* [YOUR INSTRUCTIONS]
From the data that follows, print exactly the lines starting at the one containing "Savings are the" and ending at the one containing "Execution Context: an"; include both of them and nothing more.

* [GIVEN ENTRIES]
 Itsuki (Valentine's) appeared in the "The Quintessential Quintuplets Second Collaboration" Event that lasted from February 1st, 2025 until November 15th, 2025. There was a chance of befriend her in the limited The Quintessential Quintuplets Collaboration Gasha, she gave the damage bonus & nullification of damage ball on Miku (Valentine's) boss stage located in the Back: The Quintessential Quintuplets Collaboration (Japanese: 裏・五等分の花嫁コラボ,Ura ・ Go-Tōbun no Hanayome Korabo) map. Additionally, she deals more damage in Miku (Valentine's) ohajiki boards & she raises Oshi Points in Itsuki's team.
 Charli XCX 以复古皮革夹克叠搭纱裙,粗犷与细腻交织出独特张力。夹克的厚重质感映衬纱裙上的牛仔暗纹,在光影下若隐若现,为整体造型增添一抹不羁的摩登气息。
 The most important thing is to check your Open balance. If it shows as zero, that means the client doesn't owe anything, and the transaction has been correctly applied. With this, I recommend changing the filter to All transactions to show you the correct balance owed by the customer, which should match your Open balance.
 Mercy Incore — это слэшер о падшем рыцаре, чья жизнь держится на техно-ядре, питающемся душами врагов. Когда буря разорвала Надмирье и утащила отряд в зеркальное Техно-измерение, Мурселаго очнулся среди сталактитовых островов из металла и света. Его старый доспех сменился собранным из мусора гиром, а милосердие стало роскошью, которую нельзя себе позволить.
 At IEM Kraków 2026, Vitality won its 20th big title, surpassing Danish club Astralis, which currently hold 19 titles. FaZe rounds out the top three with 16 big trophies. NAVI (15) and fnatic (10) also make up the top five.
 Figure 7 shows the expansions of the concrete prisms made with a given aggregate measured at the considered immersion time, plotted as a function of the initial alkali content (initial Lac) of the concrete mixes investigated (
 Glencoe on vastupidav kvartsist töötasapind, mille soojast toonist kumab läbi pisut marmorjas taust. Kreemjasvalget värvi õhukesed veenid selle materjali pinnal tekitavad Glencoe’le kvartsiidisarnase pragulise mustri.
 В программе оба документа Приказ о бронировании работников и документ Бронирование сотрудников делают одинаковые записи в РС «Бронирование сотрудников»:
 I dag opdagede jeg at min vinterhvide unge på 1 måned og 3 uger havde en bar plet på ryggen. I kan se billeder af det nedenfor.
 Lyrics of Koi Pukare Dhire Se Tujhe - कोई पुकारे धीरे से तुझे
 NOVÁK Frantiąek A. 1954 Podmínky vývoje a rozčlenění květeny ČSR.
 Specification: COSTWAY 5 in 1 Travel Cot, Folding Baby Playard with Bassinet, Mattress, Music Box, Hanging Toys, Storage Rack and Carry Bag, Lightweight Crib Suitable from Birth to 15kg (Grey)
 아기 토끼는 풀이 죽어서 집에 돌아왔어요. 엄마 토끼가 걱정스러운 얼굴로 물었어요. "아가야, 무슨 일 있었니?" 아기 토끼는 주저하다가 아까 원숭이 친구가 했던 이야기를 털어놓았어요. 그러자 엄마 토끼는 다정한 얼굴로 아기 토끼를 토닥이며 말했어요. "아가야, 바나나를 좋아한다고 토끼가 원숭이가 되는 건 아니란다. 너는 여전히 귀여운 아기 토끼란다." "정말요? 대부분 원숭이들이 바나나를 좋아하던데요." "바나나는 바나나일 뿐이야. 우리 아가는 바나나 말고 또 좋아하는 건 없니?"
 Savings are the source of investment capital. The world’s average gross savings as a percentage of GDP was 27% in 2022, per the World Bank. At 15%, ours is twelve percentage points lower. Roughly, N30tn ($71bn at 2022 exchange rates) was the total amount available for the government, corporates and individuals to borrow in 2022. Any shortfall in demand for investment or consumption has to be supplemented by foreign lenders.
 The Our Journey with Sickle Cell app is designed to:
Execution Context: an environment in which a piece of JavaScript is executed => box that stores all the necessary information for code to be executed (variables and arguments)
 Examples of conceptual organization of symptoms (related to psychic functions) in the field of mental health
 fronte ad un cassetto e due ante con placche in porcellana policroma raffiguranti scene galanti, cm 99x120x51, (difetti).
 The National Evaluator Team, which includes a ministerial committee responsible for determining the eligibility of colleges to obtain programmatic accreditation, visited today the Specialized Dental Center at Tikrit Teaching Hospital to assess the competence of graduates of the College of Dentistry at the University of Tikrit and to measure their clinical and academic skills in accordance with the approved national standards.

* [THE ANSWER]
 Savings are the source of investment capital. The world’s average gross savings as a percentage of GDP was 27% in 2022, per the World Bank. At 15%, ours is twelve percentage points lower. Roughly, N30tn ($71bn at 2022 exchange rates) was the total amount available for the government, corporates and individuals to borrow in 2022. Any shortfall in demand for investment or consumption has to be supplemented by foreign lenders.
 The Our Journey with Sickle Cell app is designed to:
Execution Context: an environment in which a piece of JavaScript is executed => box that stores all the necessary information for code to be executed (variables and arguments)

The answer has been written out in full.